Vision Statement for Me: A Model of Getting
By Joel Gunz
Originally appeared in The Anvil
I, Joel Gunz, envision myself as a debt-free adult who values honesty, integrity and no-expiry 2-for-1 coupons. As a Portuguese-American professional with an acquired taste for dark-roasted Ethiopian Yrgacheffe coffee, I shall serve my community by dispensing advice that is liberally salted with anecdotes from my life experience and by making ironic references to my failed relationships. I will quote passages from Charles Bukowski, some of whose work I will soon read.
My identity will be framed by a commitment to avoiding eye contact while describing my latest interactive marketing venture, which will give my listeners the general sense that I am both successful and modest. Likewise, my ownership of a clean, yet not-quite-perfect, 1972 BMW 2002 will lead acquaintances to conclude that I am financially secure, yet unpretentious.

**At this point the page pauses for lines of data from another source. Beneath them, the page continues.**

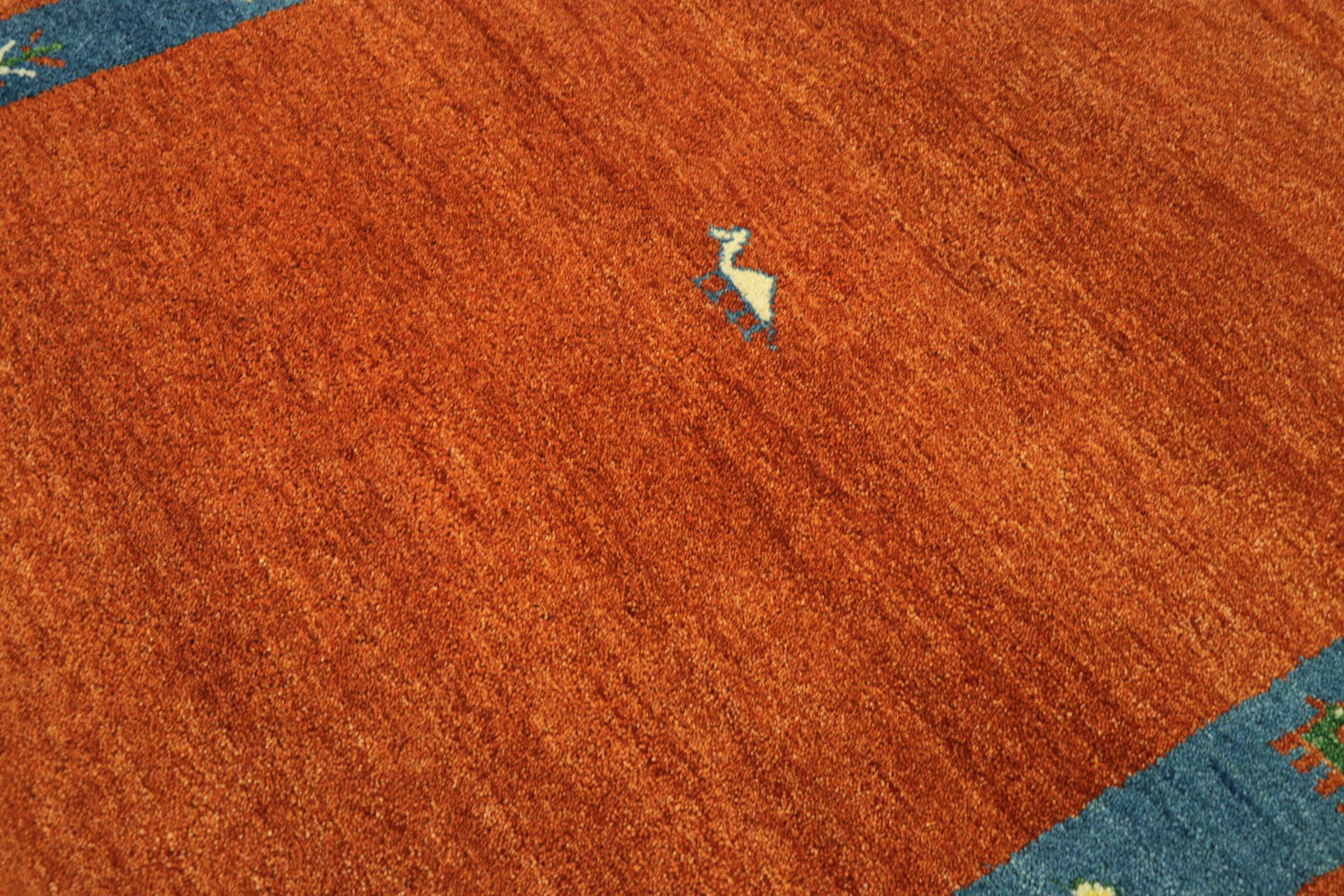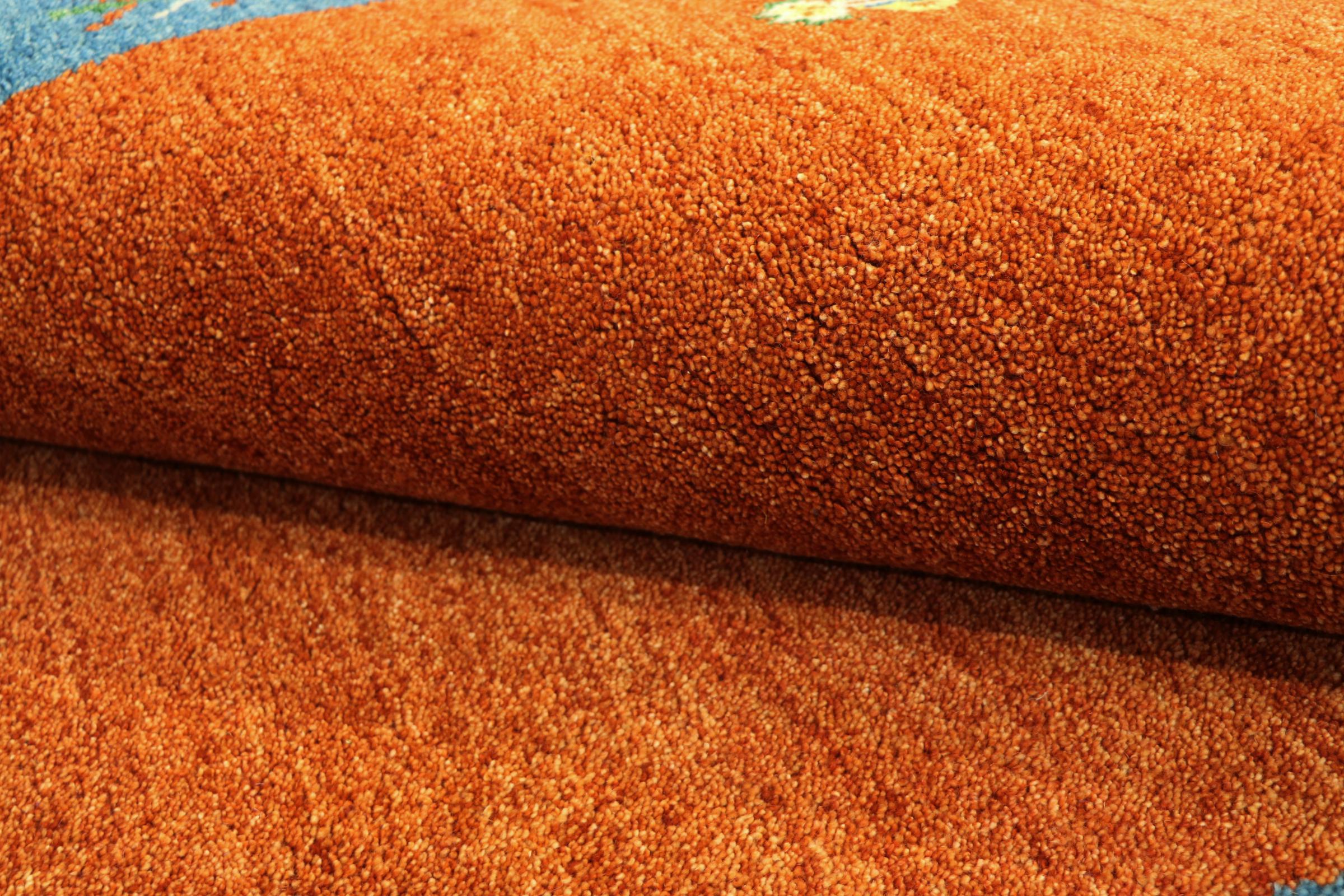 Esta hermosa alfombra de Gabbeh fue anudada a mano en la India. Las alfombras indias de Gabbeh están hechas de suave lana de oveja, son cómodas para los pies y tienen propiedades de aislamiento térmico. La mayoría de sus diseños son simples y modernos atemporales. Se inspiraron en los pueblos nómadas, que dejaban fluir en las alfombras motivos muy simples de su entorno. Las alfombras de Gabbeh de la India no se acercan mucho a la calidad de las de Gabbeh de Persia, pero tienen una muy buena relación precio-rendimiento. Por lo tanto, son perfectamente adecuadas como alfombras anudadas a mano para principiantes.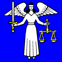 Azure Justicia Argent stantant blindfolded and winged holding in dexter a sword upright hilted and pommeled Or and in sinister scales of the last.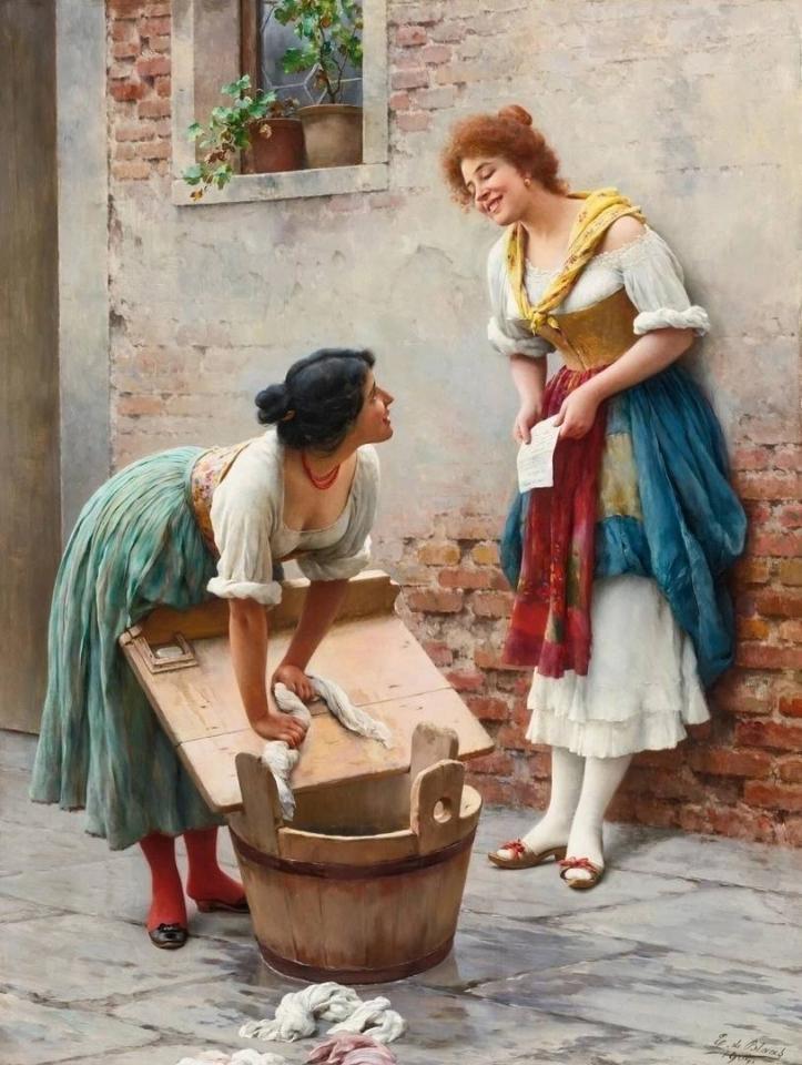 Одна из девушек держит в руках письмо, которое явно её обрадовало. Скорее всего это письмо от поклонника или возлюбленного. Содержание письма всколыхнуло чувства красавицы и она поспешила на улицу, чтобы поделиться радостью с подругой.

With a full tank of gas in my car, two weeks' worth of boxer briefs and a prudent reserve of cash in an interest-bearing bank account, I see myself hitting the road to gather new, exciting and fulfilling experiences the way some people collect cereal boxes. For example, I may visit a Tibetan monastery. The monks may so impress me with all their meditation and peace and whatnot that I will arrange to meet the head monk in order to set up all-inclusive package trips to their monastery, enabling real estate brokers, Web developers and others to seek enlightenment. Scholarships will be available for documentary film producers and tenured professors from small East Coast liberal arts colleges. I envision receiving a percentage of the profits from the sale of these vacation packages, as well as a portion of the gift shop's revenue stream, which, I envision, will offer Buddha-embroidered golf shirts and so forth at a 400-500 percent markup.
My Five-Year Vision
Since one of my core values is to "think global/act local," before five years have elapsed I will have begun to value and cultivate the productive capabilities of those in my community, like Ignacio and Pedro, who live in the Winnebago behind Wal-Mart. I may hire them to help me during the harvest season when the Pinot Noir grapes in my vineyard will have reached maturity.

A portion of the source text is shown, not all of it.